Modern analytics has changed the landscape of how we store, access, and present data. This article covers the difference between a data lake and data warehouse along with information for one to choose between the two.
Traditional data warehousing is not necessarily a thing of the past, but its use has changed from being the only way to provide business analytics to a more specified purpose. Extensive planning is involved with creating an Enterprise Data Warehouse (EDW) and in most cases, it satisfies a majority of a company’s information needs.
Big data technologies are allowing for companies to quickly store raw data directly from the source and into a data lake. Emails, videos, and manufacturing equipment feeds are just some examples. The usability of this raw data is extensive, but it requires more technical skillsets.
Quite often a hybrid approach is used to satisfy business requirements.
What is a Data Lake?
A Data Lake is a storage system that allows all raw and unstructured data from source systems to be in one location.

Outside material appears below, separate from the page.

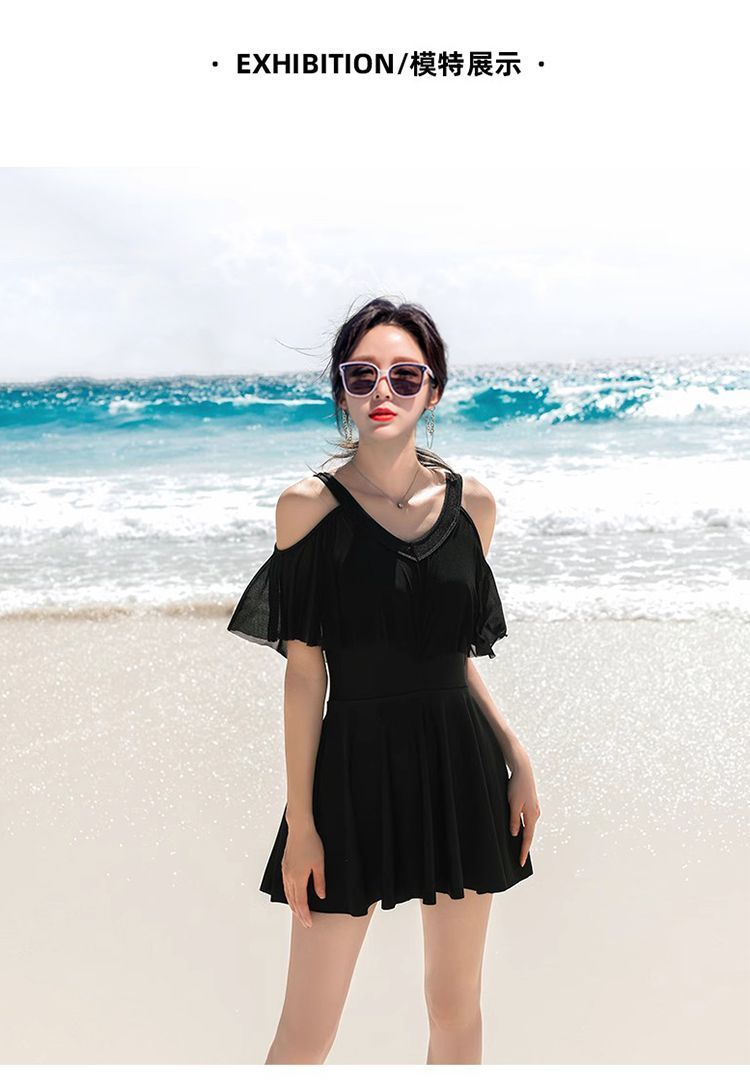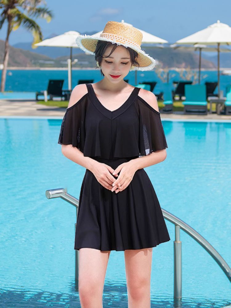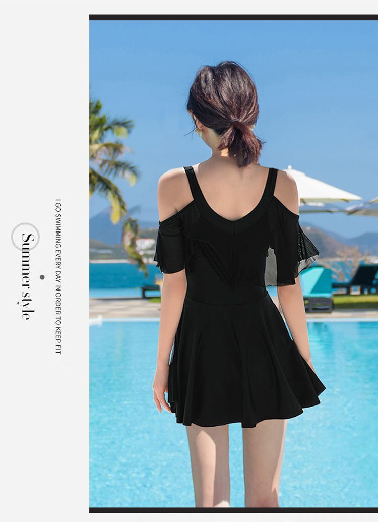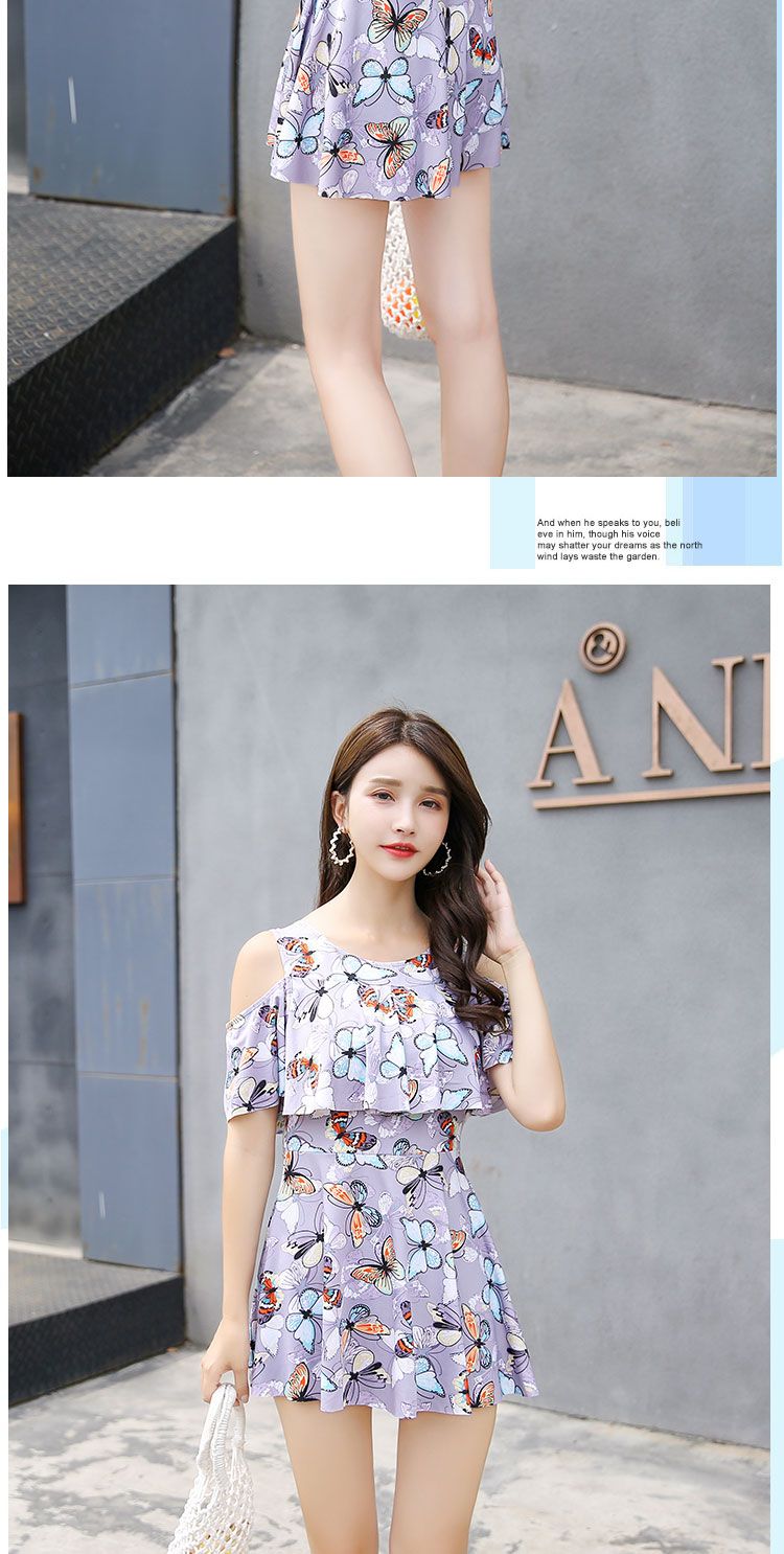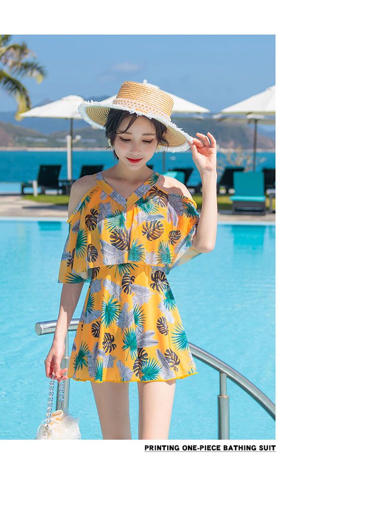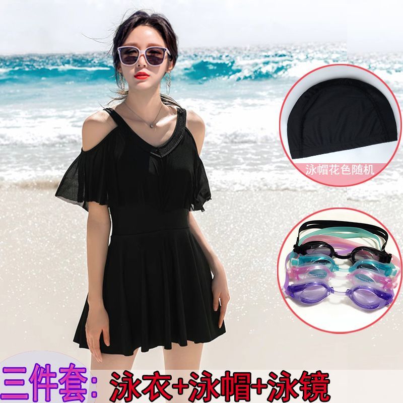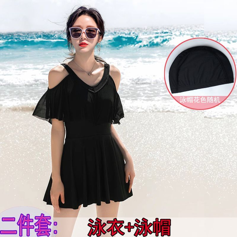 时尚分体泳衣女士裙式平角遮肚韩国泡温泉显瘦两件套加大码游泳衣

This may include native operational data from a RDBMS system in which case it would appear to be like an EDW’s Operational Data Store (ODS). Don’t be mistaken, this is not an EDW by any means.
Raw data requires vast amounts of storage since nothing is excluded from the source system. The lowest level of data is retained, referred to as leaf level. This leaf level data is intended to be stored long term and to be updated in near real-time from the source systems.

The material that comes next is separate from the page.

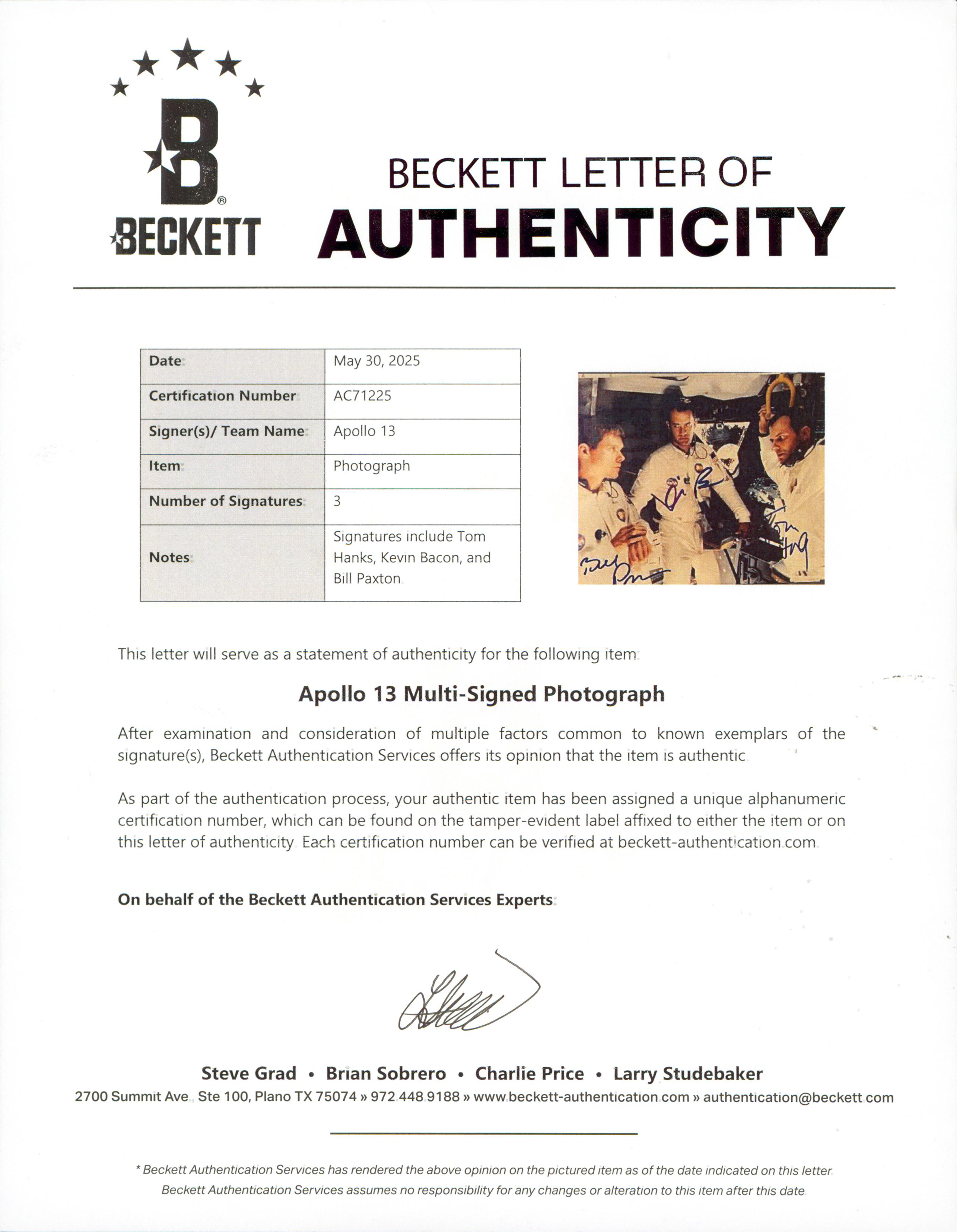 This Autographed 8x10 Framed Photo has been Personally Signed by Tom Hanks, Kevin Bacon, & Bill Paxton of Apollo 13. This item is 100% Authentic to include a Certificate of Authenticity (COA) / hologram by Beckett Authentication Services. The authenticity can be verified on Beckett Authentication Services website. This item has been professionally framed to overall dimensions of approximately 27.5 x 37.5 inches.

Agile development is typical with Data Lakes since there is no structure and multiple tools can be used to access data. Data scientists would be the main users of this raw data; preparing and creating models for predictive analytics, machine learning, and data mining. Business users will require processed data and a more intuitive tool for consuming data from this storage type.
What is a Data Warehouse?
Data Warehouses store transformed data that has undergone a proper Extract, Transform, and Loading (ETL) process. Typically, there is a business requirement defined before the data is stored in an EDW.

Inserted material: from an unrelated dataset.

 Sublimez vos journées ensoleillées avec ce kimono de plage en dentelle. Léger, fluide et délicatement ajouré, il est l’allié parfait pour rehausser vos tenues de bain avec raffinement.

Defining business requirements and building to spec adds increased development time and costs for delivering tangible results to the business. However, what’s delivered to the business professionals is easier to consume and can be self-service.
Structured development cycles are commonplace when creating and maintaining an EDW. This is due to the nature of the schema-oriented design for ease of use. Enterprise toolsets such as IBM Cognos, MicroStrategy, Power BI, and Tableau are some examples that allow the business to govern data and deliver full Analytics solutions for a Data Warehouse. Business users are the main consumers for this storage system.
What are the Differences?
|Data Lake||Data Warehouse|
|Data Storage Architecture||
|Users and Data Access||
How to Choose?
Enterprise solutions don’t come in a one size fits all, so it’s important to balance the operational needs of the business with real-time analytics of a data lake. In some cases, a data warehouse is used to fulfill business needs that the data lake can’t and vice versa when a mature EDW is already in place.
For an organization that is moving towards consolidating their reporting or starting a data science program, it’s important to consider both options. There are also software vendors that specialize in a hybrid approach for these storage types. These vendors may not have 100% functionality of both a data lake and data warehouse, but for many organizations, it’s a perfect fit.